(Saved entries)
===============

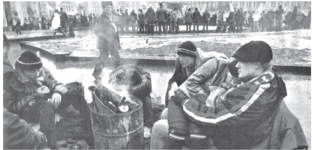
Ucrania. Campamento de los manifestantes.

Gracias a la heroica resistencia de la población ucraniana con sus guerrillas y de todo el pueblo soviético, el nazismo fue derrotado. Por primera vez toda Ucrania se unificó totalmente con la incorporación de la parte polaca, pero esto se hizo con los métodos de la burocracia stalinista y bajo la opresión del Kremlin, impidiendo el libre desarrollo de la identidad cultural y nacional ucranianas, imponiendo el ruso en las escuelas.
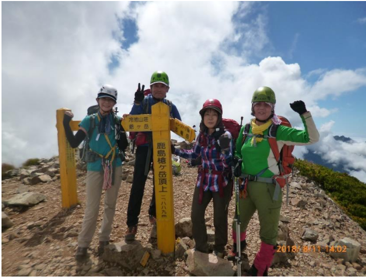
14 : 02 鹿島槍ヶ岳南峰
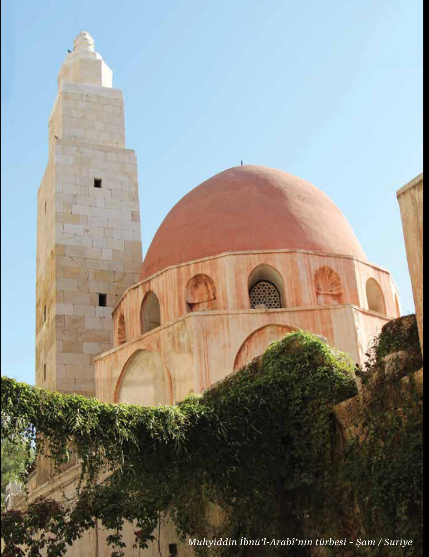
Muhyiddin İbnü'l-Arabî'nin türbesi - Şam / Suriye
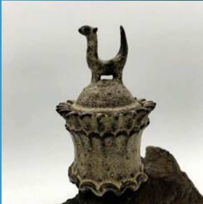
Utilitaire, Arts décoratifs, Terres de collecte

===============

Required action |
From the entries above, copy every line that holds the word "Ucrania".

Answer to the problem |
Ucrania. Campamento de los manifestantes.
Gracias a la heroica resistencia de la población ucraniana con sus guerrillas y de todo el pueblo soviético, el nazismo fue derrotado. Por primera vez toda Ucrania se unificó totalmente con la incorporación de la parte polaca, pero esto se hizo con los métodos de la burocracia stalinista y bajo la opresión del Kremlin, impidiendo el libre desarrollo de la identidad cultural y nacional ucranianas, imponiendo el ruso en las escuelas.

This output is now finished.